(Information given)
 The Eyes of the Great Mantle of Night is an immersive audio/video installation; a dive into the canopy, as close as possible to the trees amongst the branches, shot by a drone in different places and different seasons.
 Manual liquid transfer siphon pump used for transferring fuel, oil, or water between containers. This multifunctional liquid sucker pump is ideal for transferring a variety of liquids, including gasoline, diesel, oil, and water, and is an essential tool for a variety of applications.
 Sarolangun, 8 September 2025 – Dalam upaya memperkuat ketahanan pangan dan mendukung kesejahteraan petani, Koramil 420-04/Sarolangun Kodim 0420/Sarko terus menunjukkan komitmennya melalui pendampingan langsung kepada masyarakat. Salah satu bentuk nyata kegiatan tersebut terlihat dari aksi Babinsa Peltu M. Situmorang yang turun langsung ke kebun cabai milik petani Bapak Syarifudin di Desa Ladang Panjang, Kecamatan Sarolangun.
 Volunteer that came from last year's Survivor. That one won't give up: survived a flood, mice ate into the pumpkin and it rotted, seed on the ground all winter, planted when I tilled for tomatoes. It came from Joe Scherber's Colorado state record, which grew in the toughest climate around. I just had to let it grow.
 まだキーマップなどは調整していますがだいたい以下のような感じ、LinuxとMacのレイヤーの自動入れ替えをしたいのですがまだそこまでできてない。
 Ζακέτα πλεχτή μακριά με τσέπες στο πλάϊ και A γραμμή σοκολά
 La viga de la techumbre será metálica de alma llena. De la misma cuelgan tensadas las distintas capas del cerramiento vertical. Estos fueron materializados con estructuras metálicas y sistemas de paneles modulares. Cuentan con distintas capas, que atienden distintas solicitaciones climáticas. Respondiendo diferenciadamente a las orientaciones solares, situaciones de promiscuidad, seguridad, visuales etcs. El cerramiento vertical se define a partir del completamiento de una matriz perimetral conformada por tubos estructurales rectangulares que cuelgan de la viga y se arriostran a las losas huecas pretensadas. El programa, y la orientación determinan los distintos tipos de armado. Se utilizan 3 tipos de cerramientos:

---

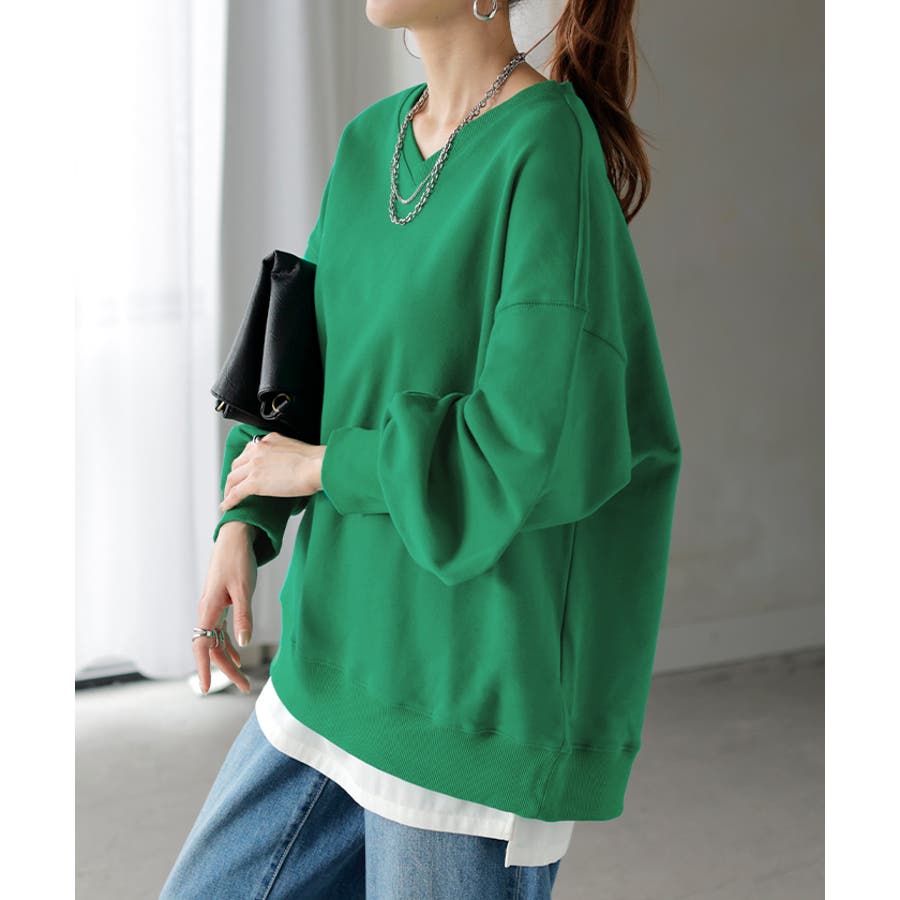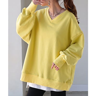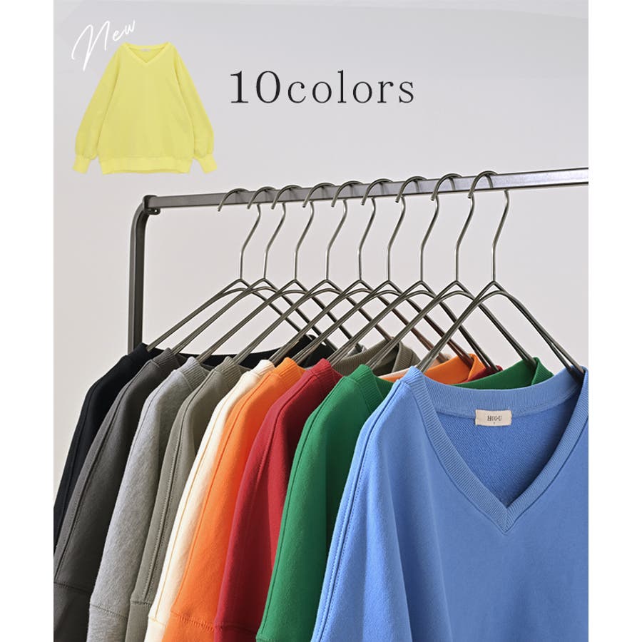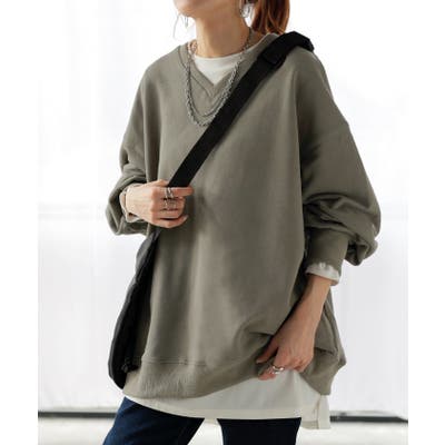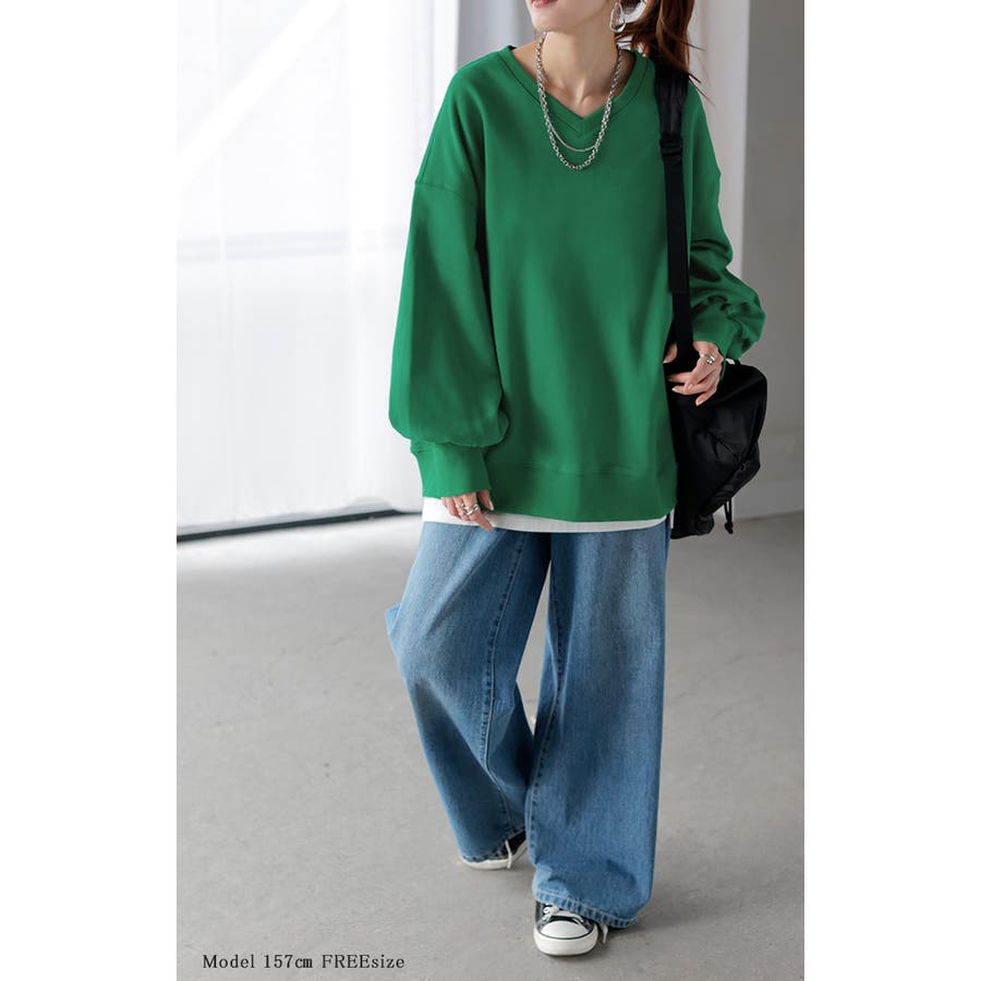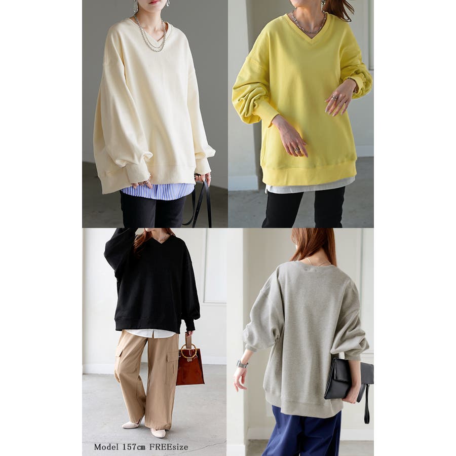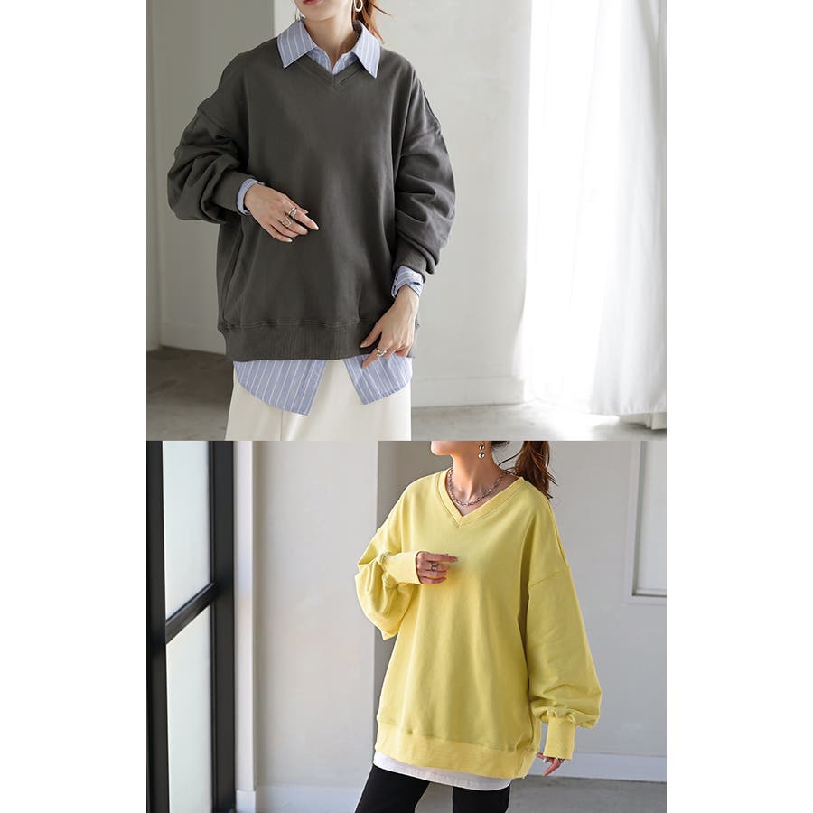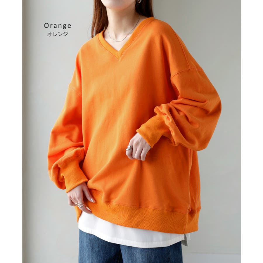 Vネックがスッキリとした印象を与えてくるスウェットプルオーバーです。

(Brief) The lines above from the one with "Volunteer that came" through the one with "Ζακέτα πλεχτή μακριά" are to be duplicated exactly, ends included, with nothing added.

(Your response)
 Volunteer that came from last year's Survivor. That one won't give up: survived a flood, mice ate into the pumpkin and it rotted, seed on the ground all winter, planted when I tilled for tomatoes. It came from Joe Scherber's Colorado state record, which grew in the toughest climate around. I just had to let it grow.
 まだキーマップなどは調整していますがだいたい以下のような感じ、LinuxとMacのレイヤーの自動入れ替えをしたいのですがまだそこまでできてない。
 Ζακέτα πλεχτή μακριά με τσέπες στο πλάϊ και A γραμμή σοκολά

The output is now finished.